BEGIN Given records

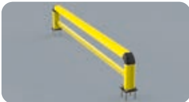
FE 150 REF 2400x550

Length 2.400 mm Packing unpacked on pallet Colour B M
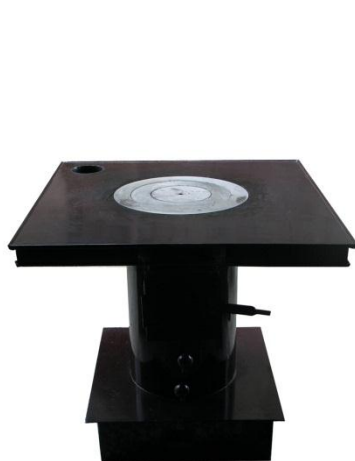
Huifeng Stove (Guizhou)

Submitted by Impact Carbon on behalf of Project Stove Manufacturers with assistance from MyClimate and local partner, China Association for Rural Energy Industries (CAREI)
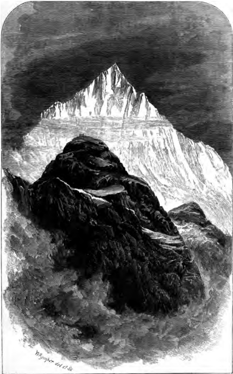
THE WEISSHORN FROM THE RIFFEL.
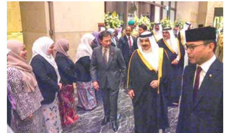
In pictures, His Majesty King Hamad bin Isa Al Khalifa welcomes Sultan Hassanal Bolkiah of Brunei, accompanied by His Royal Highness Prince Abdul Mateen and top delegates, to Bahrain. His Royal Highness Prince Salman bin Hamad Al Khalifa, the Crown Prince and Prime Minister, was present.
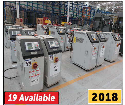
Frigel Temperature Controllers
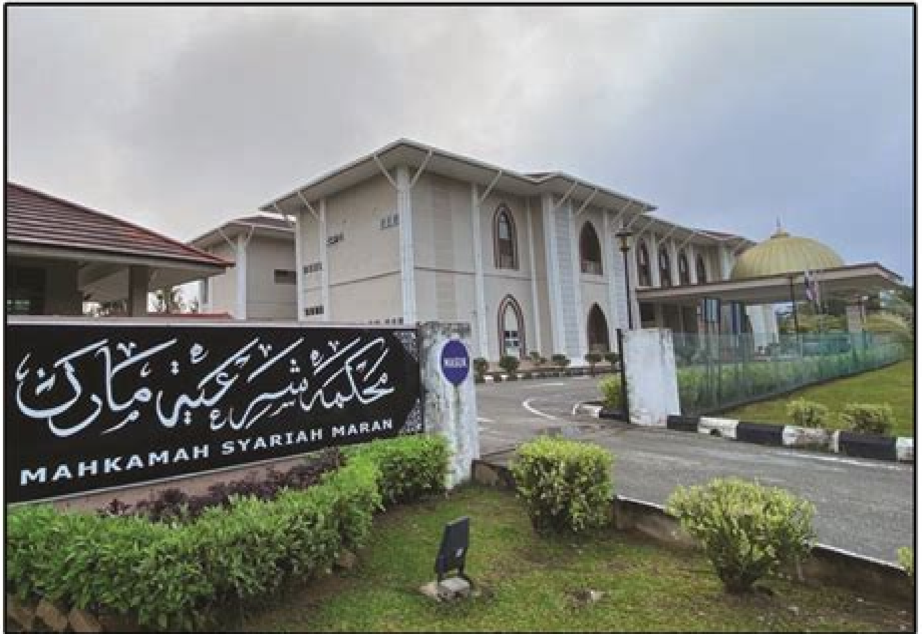
Bangunan Mahkamah Rendah Syariah Maran
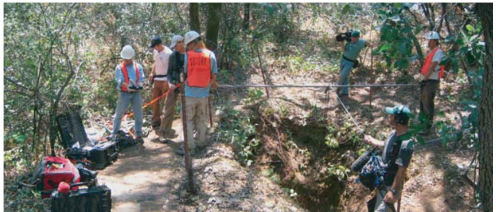
California’s Abandoned Mine Lands Unit staff and the “Dirty Jobs” film crew check the feed from a down-hole video camera lowered into an abandoned mine shaft

By Don Drysdale California Department of Conservation, Public Affairs Office (Modified from article first published in What’s Up, DOC? Volume 9, Number 9.)
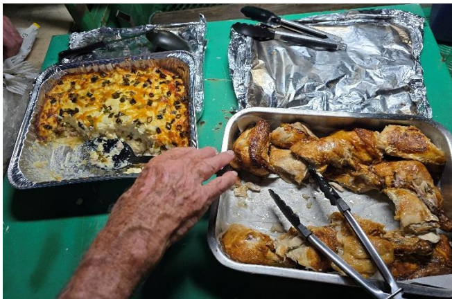
The Thing hunting food

Nosh was entree of spinach and artichoke sourdow cob loaf dip, followed by French potato and BBQ chicken licken and for those Dr Whooooo stayed long enough a mint slice chaser. Even Enola went back for seconds!
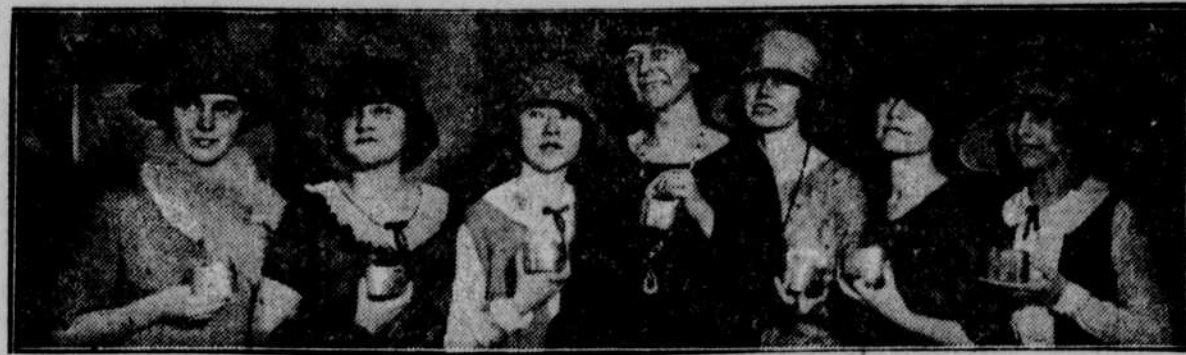
Here's the bandit brigade of the University of Omaha.

All the girls in the picture, armed with nickel-plated savings banks and a disarming smile, are members of the public school music class at the university, and have pledged themselves to raise $300 toward a fund for the purpose of buying records and music.

END Given records

Aim of the exercise:
Copy the lines from the line that contains "By Don Drysdale" through the end of the records, exactly and with nothing added; leave the pictures out.

Answer to the problem:
By Don Drysdale California Department of Conservation, Public Affairs Office (Modified from article first published in What’s Up, DOC? Volume 9, Number 9.)
The Thing hunting food

Nosh was entree of spinach and artichoke sourdow cob loaf dip, followed by French potato and BBQ chicken licken and for those Dr Whooooo stayed long enough a mint slice chaser. Even Enola went back for seconds!
Here's the bandit brigade of the University of Omaha.

All the girls in the picture, armed with nickel-plated savings banks and a disarming smile, are members of the public school music class at the university, and have pledged themselves to raise $300 toward a fund for the purpose of buying records and music.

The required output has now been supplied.